>>>

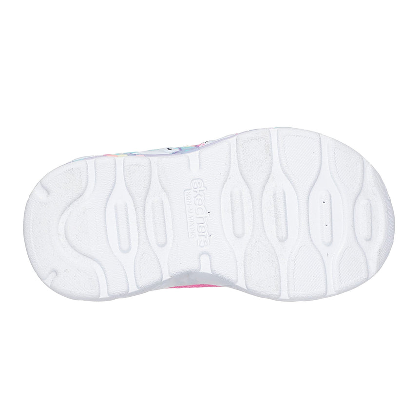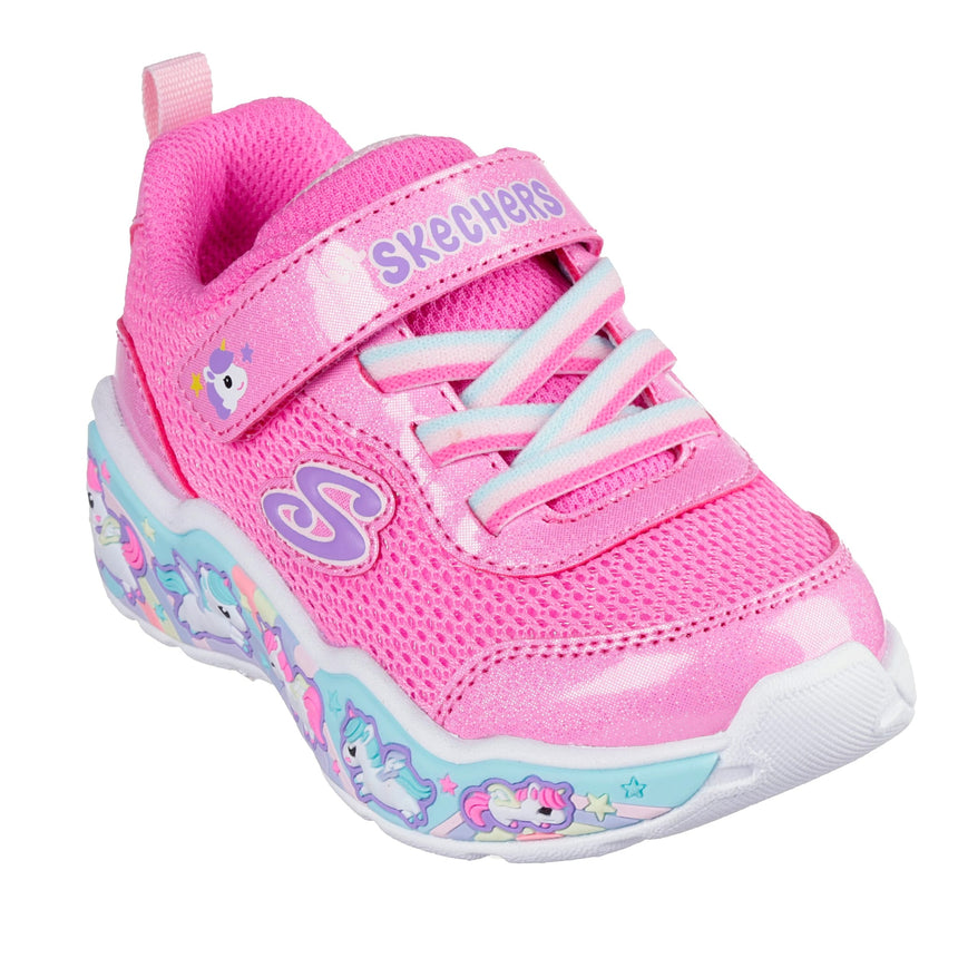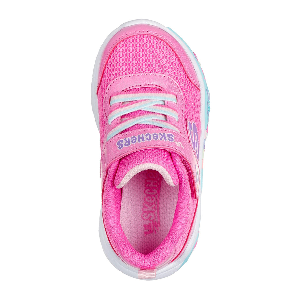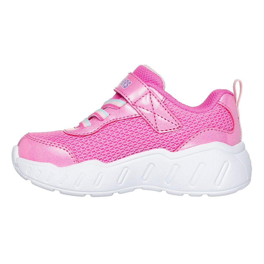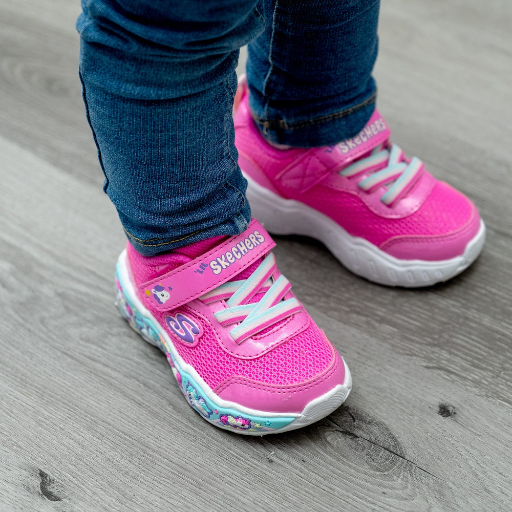 Votre tout-petit affichera son plus beau sourire en portant la chaussure Skechers. Cette chaussure de sport adorable comprend une empeigne en maille avec superpositions étincelantes, des lacets extensibles, une fermeture adaptative et une semelle intercalaire bien coussinée avec graphismes à thématiques amusantes.
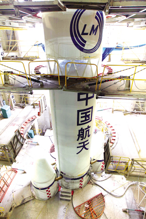 9月30日,在发射架内的长征三号丙火箭正在加注推进剂。9月30日9时,托举“嫦娥二号”的长征三号丙火箭进行常规燃料加注,“嫦娥二号”发射进入倒计时。 新华社记者 李刚 摄
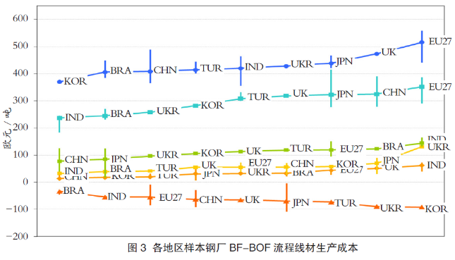 欧盟27国采用BF-BOF流程生产线材的平均成本最高,为516欧元/吨,即使成本最低的钢厂也几乎无法与其他国家竞争,而韩国BF-BOF流程线材平均生产成本最低,仅371欧元/吨(图3)。
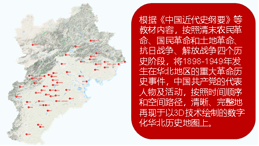 以目前正在研发、建设的《华北革命历史地图》虚拟仿真实验项目为例,其核心理念正是利用虚拟仿真技术,将近代以来华北区域内发生的重大历史事件和重要人物活动以三维仿真地图形式展现出来,让学生通过生存竞技类电子游戏的推演、行进方式,按照时间顺序进行学习。此种兼具知识性与趣味性的实验形式,使学生将人名、地名、事件、日期等繁杂枯燥、缺乏关联、难于记忆的历史知识有机地贯穿起来,收到了良好的成效。项目建成后,除用于本课程教学的实验环节外,还将用于辅助中国近现代史公共课和专业课的教学、研究,以及华北区域历史文化资源的发掘、整理、展示及成果转化等。
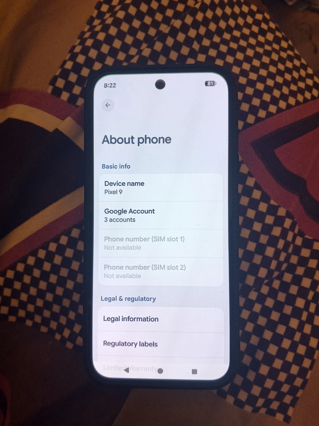 This is a Google Pixel 9 12gb smartphone. It has a black finish and normal battery health at 94% capacity. The device also comes with a black leather case.
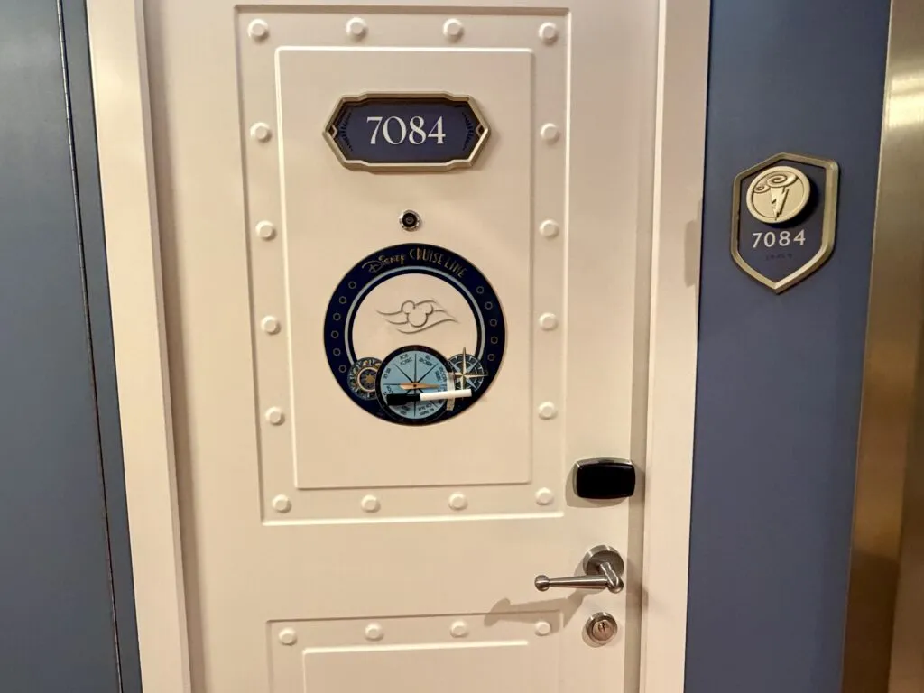 For our second sailing on Disney Destiny, we stayed in a standard Deluxe Oceanview Stateroom with Verandah. Reviewing the deck plans, this 5C category stateroom, cabin 7084, is located midship (slightly closer to the forward bank of elevators) on the portside of Deck 7.
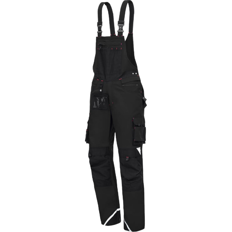 NITRAS MOTION TEX PRO FX, bib pants, black (colour code: 1000), 280 g/sqm, breathable material, very high wearing comfort (2-way stretch), elastic waist, reinforcements in crotch and reinforcements made of CORDURA® on the leg, knee and back pockets as well as outside bib pocket and ankles, durable triple-stitched seams, 3M Scotchlite™ Reflective Material for better visibility, versatile and practical equipped: thigh pockets with flaps, ruler pocket, bib inside pocket with YKK-zipper and additional outside pockets, knee pockets for protectors with insertion from above, adjustable hammer loop, D-ring, ID pocket, durable clips, elastic straps, premium quality, OEKO-TEX STANDARD 100®, Comfort Fit, tool pockets 770P and knee protectors 76K (EN 14404) optionally available
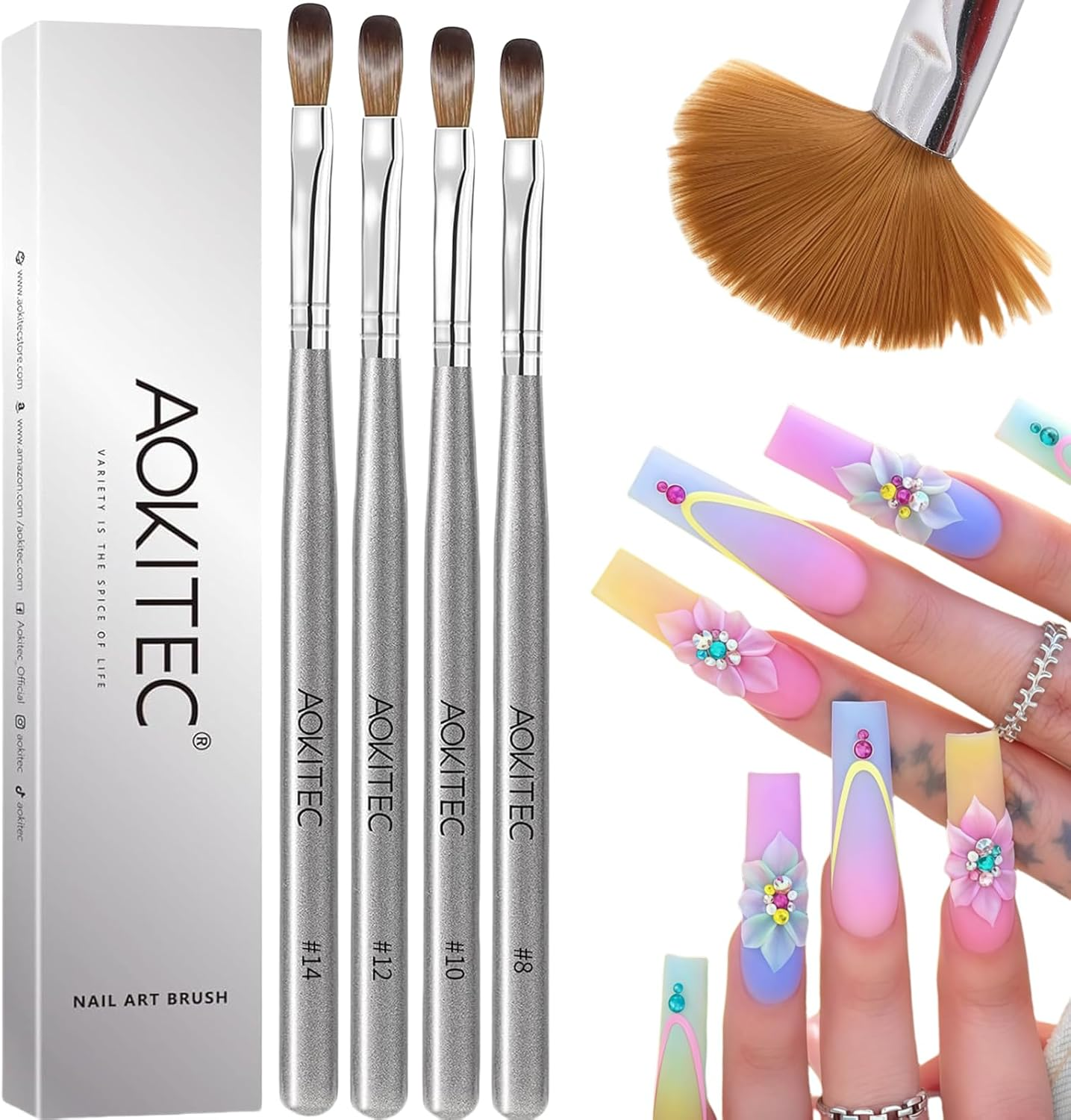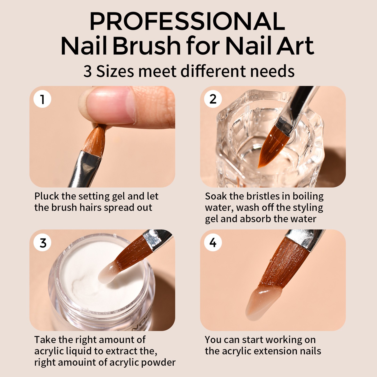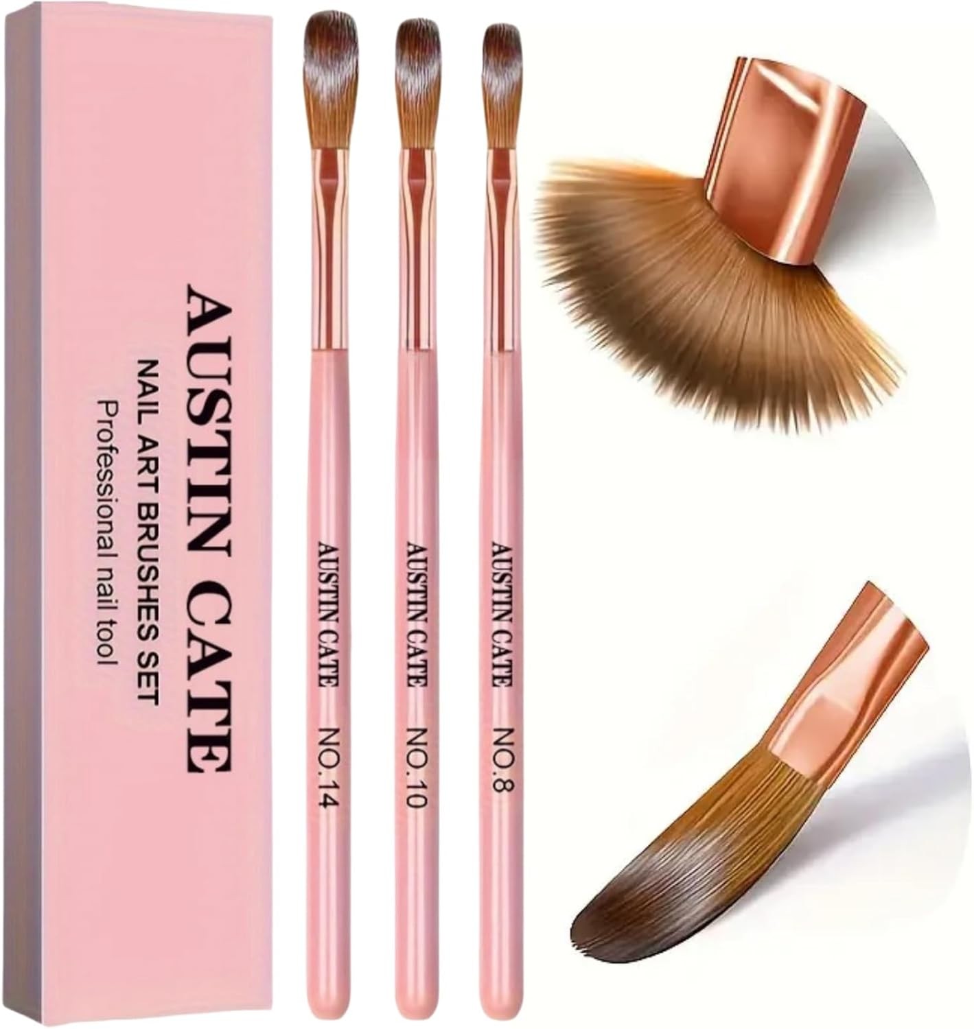 3-Piece Acrylic Nail Brush Set – Sizes 8, 10, 14 – Professional Nail Extension &

<<<

EXERCISE DETAILS - The reply must consist of the records, repeated exactly, minus any images.

RESULT -
 Votre tout-petit affichera son plus beau sourire en portant la chaussure Skechers. Cette chaussure de sport adorable comprend une empeigne en maille avec superpositions étincelantes, des lacets extensibles, une fermeture adaptative et une semelle intercalaire bien coussinée avec graphismes à thématiques amusantes.
 9月30日,在发射架内的长征三号丙火箭正在加注推进剂。9月30日9时,托举“嫦娥二号”的长征三号丙火箭进行常规燃料加注,“嫦娥二号”发射进入倒计时。 新华社记者 李刚 摄
 欧盟27国采用BF-BOF流程生产线材的平均成本最高,为516欧元/吨,即使成本最低的钢厂也几乎无法与其他国家竞争,而韩国BF-BOF流程线材平均生产成本最低,仅371欧元/吨(图3)。
 以目前正在研发、建设的《华北革命历史地图》虚拟仿真实验项目为例,其核心理念正是利用虚拟仿真技术,将近代以来华北区域内发生的重大历史事件和重要人物活动以三维仿真地图形式展现出来,让学生通过生存竞技类电子游戏的推演、行进方式,按照时间顺序进行学习。此种兼具知识性与趣味性的实验形式,使学生将人名、地名、事件、日期等繁杂枯燥、缺乏关联、难于记忆的历史知识有机地贯穿起来,收到了良好的成效。项目建成后,除用于本课程教学的实验环节外,还将用于辅助中国近现代史公共课和专业课的教学、研究,以及华北区域历史文化资源的发掘、整理、展示及成果转化等。
 This is a Google Pixel 9 12gb smartphone. It has a black finish and normal battery health at 94% capacity. The device also comes with a black leather case.
 For our second sailing on Disney Destiny, we stayed in a standard Deluxe Oceanview Stateroom with Verandah. Reviewing the deck plans, this 5C category stateroom, cabin 7084, is located midship (slightly closer to the forward bank of elevators) on the portside of Deck 7.
 NITRAS MOTION TEX PRO FX, bib pants, black (colour code: 1000), 280 g/sqm, breathable material, very high wearing comfort (2-way stretch), elastic waist, reinforcements in crotch and reinforcements made of CORDURA® on the leg, knee and back pockets as well as outside bib pocket and ankles, durable triple-stitched seams, 3M Scotchlite™ Reflective Material for better visibility, versatile and practical equipped: thigh pockets with flaps, ruler pocket, bib inside pocket with YKK-zipper and additional outside pockets, knee pockets for protectors with insertion from above, adjustable hammer loop, D-ring, ID pocket, durable clips, elastic straps, premium quality, OEKO-TEX STANDARD 100®, Comfort Fit, tool pockets 770P and knee protectors 76K (EN 14404) optionally available
 3-Piece Acrylic Nail Brush Set – Sizes 8, 10, 14 – Professional Nail Extension &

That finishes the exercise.